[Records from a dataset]
+ + + + +

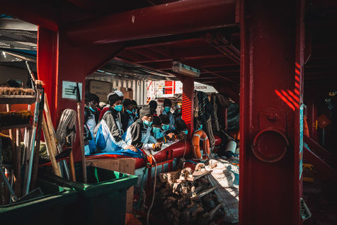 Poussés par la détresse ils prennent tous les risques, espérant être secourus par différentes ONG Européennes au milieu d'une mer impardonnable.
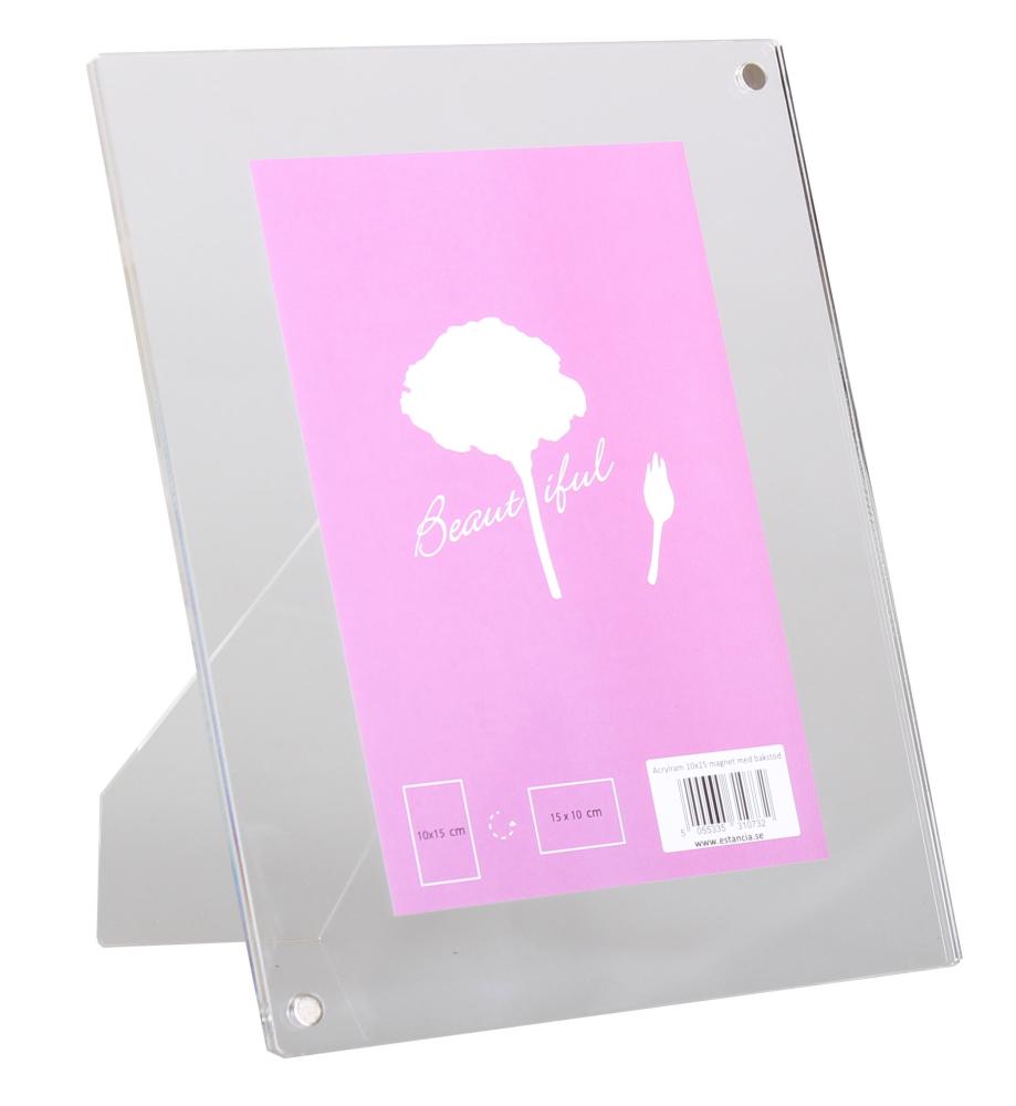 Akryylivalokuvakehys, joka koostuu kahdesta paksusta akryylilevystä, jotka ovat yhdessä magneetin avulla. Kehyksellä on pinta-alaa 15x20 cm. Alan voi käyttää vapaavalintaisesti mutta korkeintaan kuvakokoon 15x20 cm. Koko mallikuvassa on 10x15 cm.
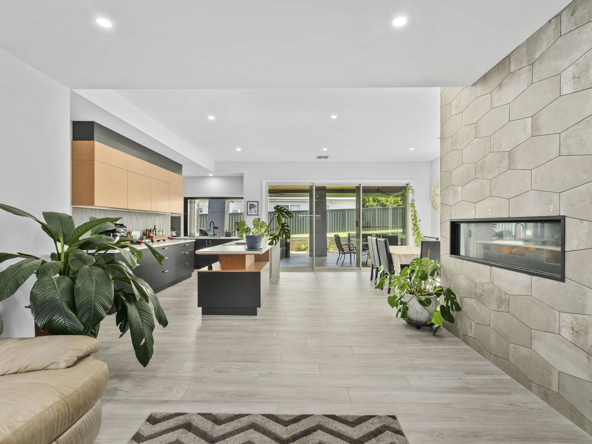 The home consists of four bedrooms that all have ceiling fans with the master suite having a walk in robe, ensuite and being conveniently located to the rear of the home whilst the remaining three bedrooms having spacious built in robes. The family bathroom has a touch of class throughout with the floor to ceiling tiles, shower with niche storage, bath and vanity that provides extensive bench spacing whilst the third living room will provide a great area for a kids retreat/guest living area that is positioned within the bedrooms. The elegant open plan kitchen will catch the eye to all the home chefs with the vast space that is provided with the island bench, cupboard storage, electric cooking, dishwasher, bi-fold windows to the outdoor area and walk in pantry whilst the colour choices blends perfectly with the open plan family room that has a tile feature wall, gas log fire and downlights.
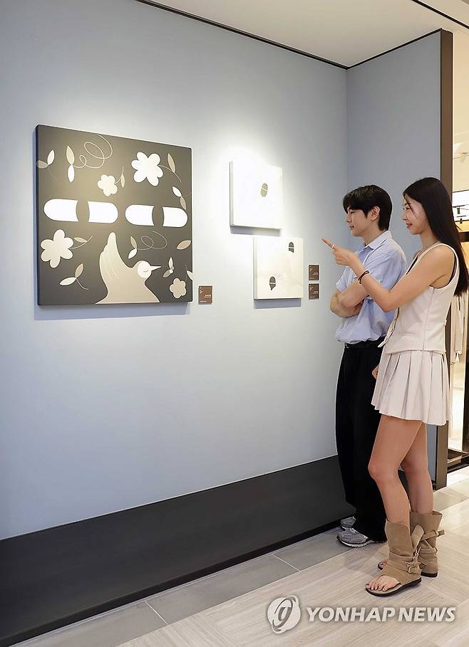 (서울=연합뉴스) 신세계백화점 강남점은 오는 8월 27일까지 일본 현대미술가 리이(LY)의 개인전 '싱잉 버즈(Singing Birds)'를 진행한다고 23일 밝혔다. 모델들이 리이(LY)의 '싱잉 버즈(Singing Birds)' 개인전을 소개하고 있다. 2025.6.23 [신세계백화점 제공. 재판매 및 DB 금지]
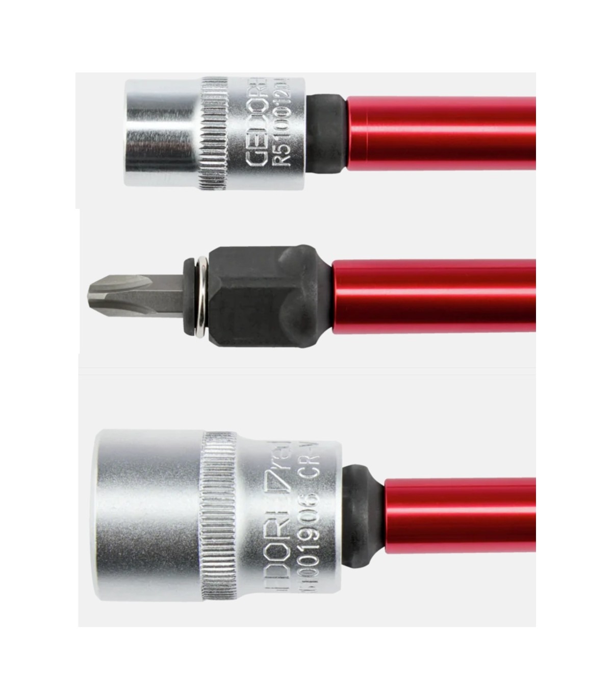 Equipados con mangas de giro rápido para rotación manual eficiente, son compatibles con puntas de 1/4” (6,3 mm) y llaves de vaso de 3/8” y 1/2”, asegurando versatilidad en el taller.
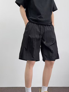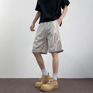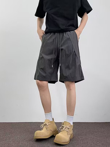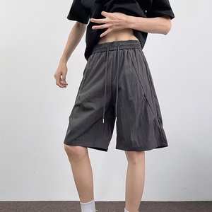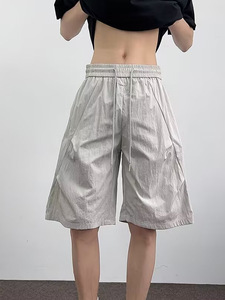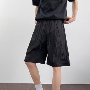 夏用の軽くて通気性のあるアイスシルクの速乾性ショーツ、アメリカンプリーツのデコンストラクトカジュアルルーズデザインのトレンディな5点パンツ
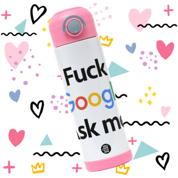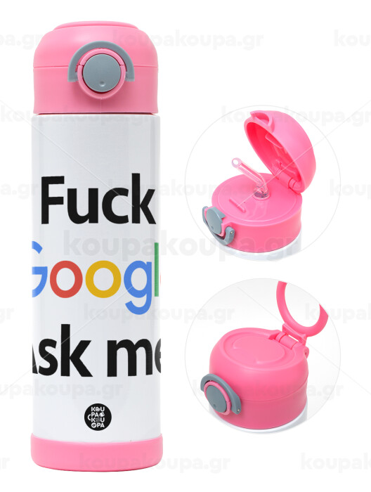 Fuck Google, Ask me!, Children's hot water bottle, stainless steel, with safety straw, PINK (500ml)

+ + + + +

- _TASK DETAILS_
Each entry above needs to be restated without a single word changed; skip the images.

- _RESPONSE TO THE TASK_
 Poussés par la détresse ils prennent tous les risques, espérant être secourus par différentes ONG Européennes au milieu d'une mer impardonnable.
 Akryylivalokuvakehys, joka koostuu kahdesta paksusta akryylilevystä, jotka ovat yhdessä magneetin avulla. Kehyksellä on pinta-alaa 15x20 cm. Alan voi käyttää vapaavalintaisesti mutta korkeintaan kuvakokoon 15x20 cm. Koko mallikuvassa on 10x15 cm.
 The home consists of four bedrooms that all have ceiling fans with the master suite having a walk in robe, ensuite and being conveniently located to the rear of the home whilst the remaining three bedrooms having spacious built in robes. The family bathroom has a touch of class throughout with the floor to ceiling tiles, shower with niche storage, bath and vanity that provides extensive bench spacing whilst the third living room will provide a great area for a kids retreat/guest living area that is positioned within the bedrooms. The elegant open plan kitchen will catch the eye to all the home chefs with the vast space that is provided with the island bench, cupboard storage, electric cooking, dishwasher, bi-fold windows to the outdoor area and walk in pantry whilst the colour choices blends perfectly with the open plan family room that has a tile feature wall, gas log fire and downlights.
 (서울=연합뉴스) 신세계백화점 강남점은 오는 8월 27일까지 일본 현대미술가 리이(LY)의 개인전 '싱잉 버즈(Singing Birds)'를 진행한다고 23일 밝혔다. 모델들이 리이(LY)의 '싱잉 버즈(Singing Birds)' 개인전을 소개하고 있다. 2025.6.23 [신세계백화점 제공. 재판매 및 DB 금지]
 Equipados con mangas de giro rápido para rotación manual eficiente, son compatibles con puntas de 1/4” (6,3 mm) y llaves de vaso de 3/8” y 1/2”, asegurando versatilidad en el taller.
 夏用の軽くて通気性のあるアイスシルクの速乾性ショーツ、アメリカンプリーツのデコンストラクトカジュアルルーズデザインのトレンディな5点パンツ
 Fuck Google, Ask me!, Children's hot water bottle, stainless steel, with safety straw, PINK (500ml)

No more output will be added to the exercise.